--- START ---

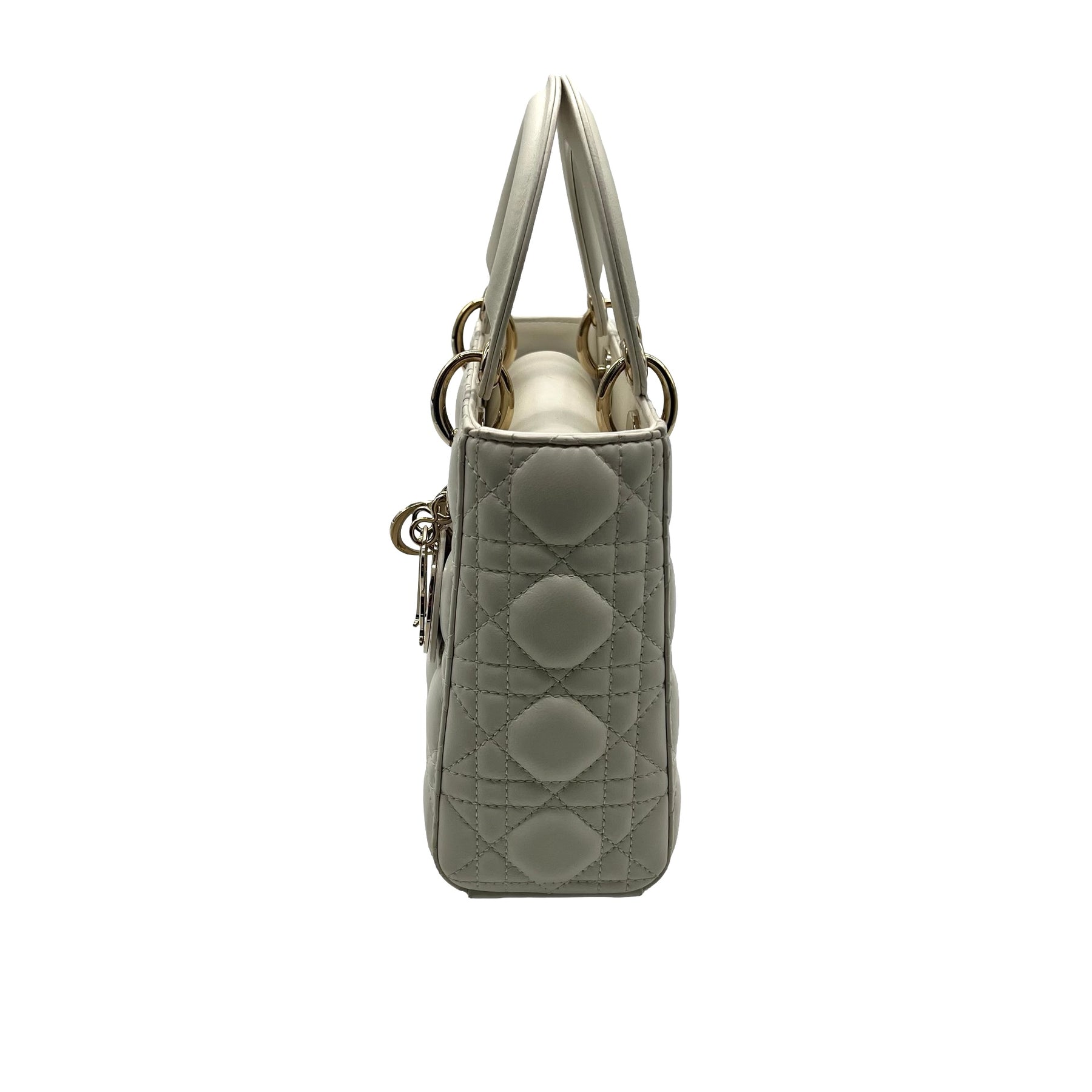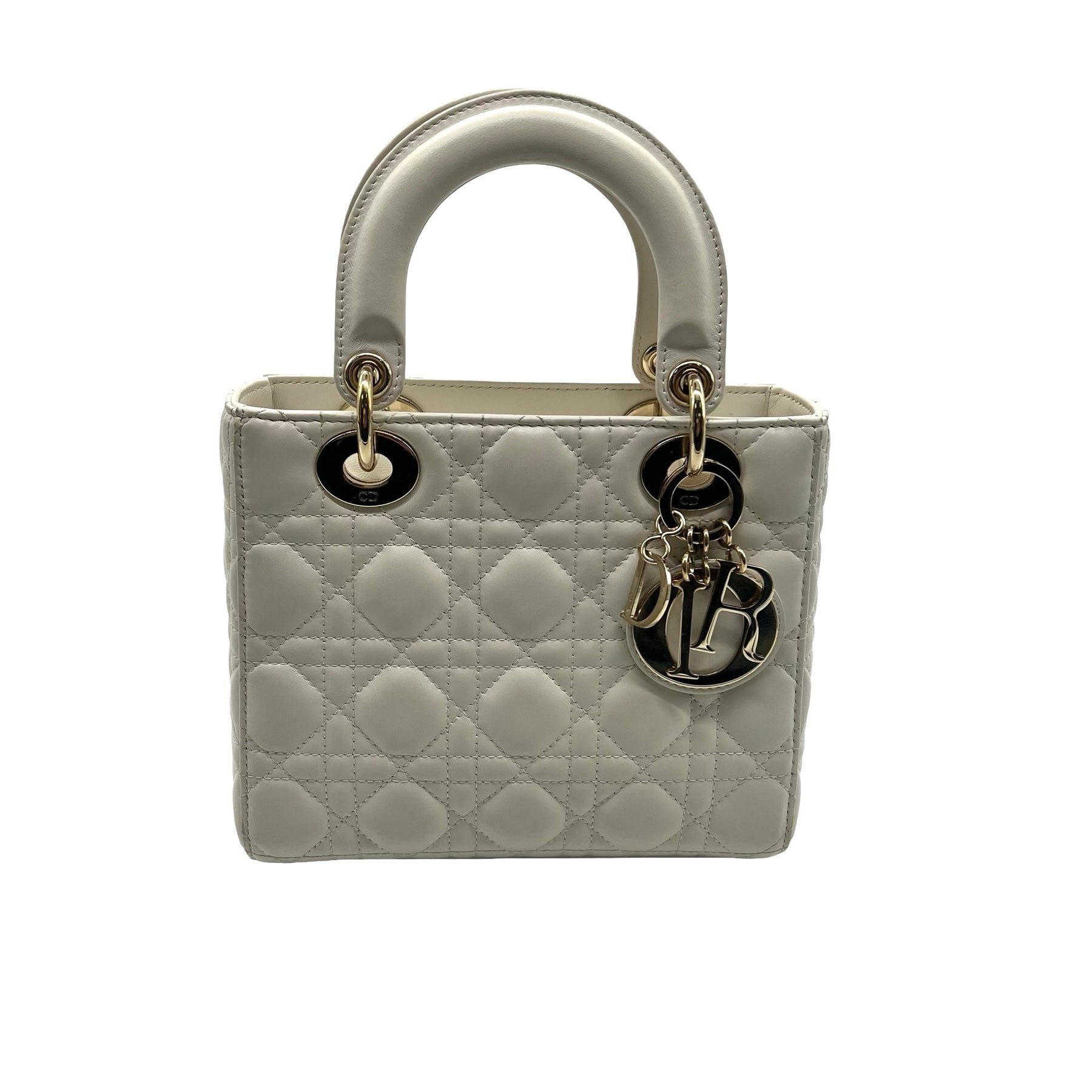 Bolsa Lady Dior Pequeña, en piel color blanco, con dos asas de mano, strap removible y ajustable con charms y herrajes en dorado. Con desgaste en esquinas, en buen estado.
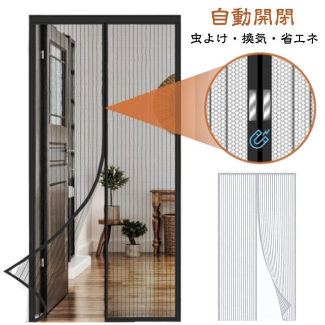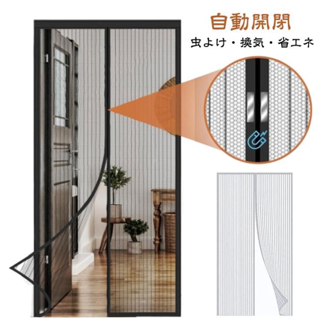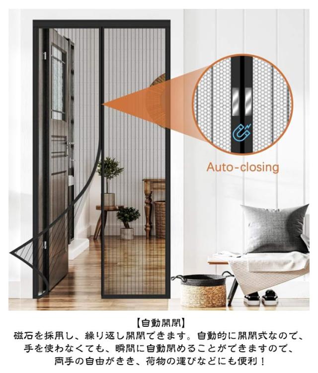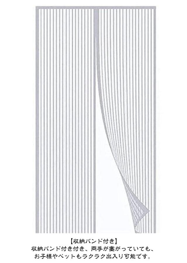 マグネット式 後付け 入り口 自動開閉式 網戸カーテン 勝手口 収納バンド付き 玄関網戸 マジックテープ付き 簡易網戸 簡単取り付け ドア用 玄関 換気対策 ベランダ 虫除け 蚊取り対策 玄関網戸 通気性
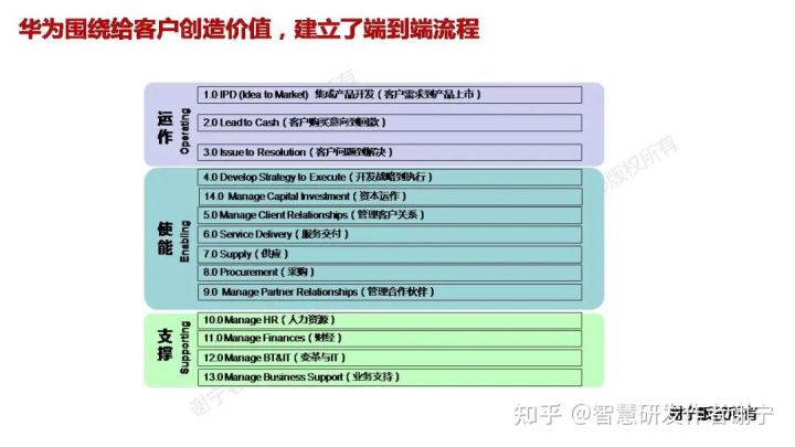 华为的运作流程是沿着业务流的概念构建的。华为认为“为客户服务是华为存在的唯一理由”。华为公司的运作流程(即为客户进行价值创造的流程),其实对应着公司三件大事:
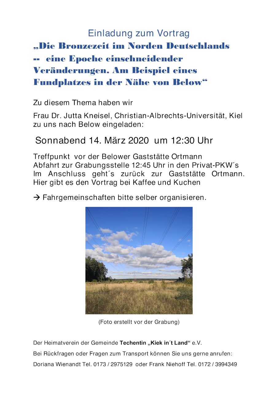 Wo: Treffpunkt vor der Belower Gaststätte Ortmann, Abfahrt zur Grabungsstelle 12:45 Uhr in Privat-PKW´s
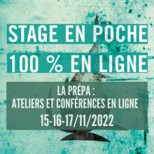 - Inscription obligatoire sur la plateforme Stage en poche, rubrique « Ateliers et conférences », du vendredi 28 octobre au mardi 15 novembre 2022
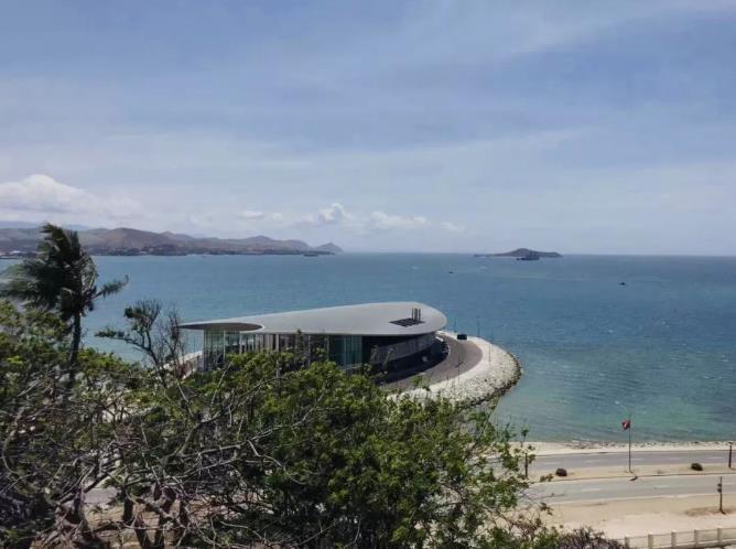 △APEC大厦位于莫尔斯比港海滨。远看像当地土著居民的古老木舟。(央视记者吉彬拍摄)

--- END ---

* _What you have to do_
Your reply is the full set of entries reproduced exactly, with images omitted.

* _Result below_
 Bolsa Lady Dior Pequeña, en piel color blanco, con dos asas de mano, strap removible y ajustable con charms y herrajes en dorado. Con desgaste en esquinas, en buen estado.
 マグネット式 後付け 入り口 自動開閉式 網戸カーテン 勝手口 収納バンド付き 玄関網戸 マジックテープ付き 簡易網戸 簡単取り付け ドア用 玄関 換気対策 ベランダ 虫除け 蚊取り対策 玄関網戸 通気性
 华为的运作流程是沿着业务流的概念构建的。华为认为“为客户服务是华为存在的唯一理由”。华为公司的运作流程(即为客户进行价值创造的流程),其实对应着公司三件大事:
 Wo: Treffpunkt vor der Belower Gaststätte Ortmann, Abfahrt zur Grabungsstelle 12:45 Uhr in Privat-PKW´s
 - Inscription obligatoire sur la plateforme Stage en poche, rubrique « Ateliers et conférences », du vendredi 28 octobre au mardi 15 novembre 2022
 △APEC大厦位于莫尔斯比港海滨。远看像当地土著居民的古老木舟。(央视记者吉彬拍摄)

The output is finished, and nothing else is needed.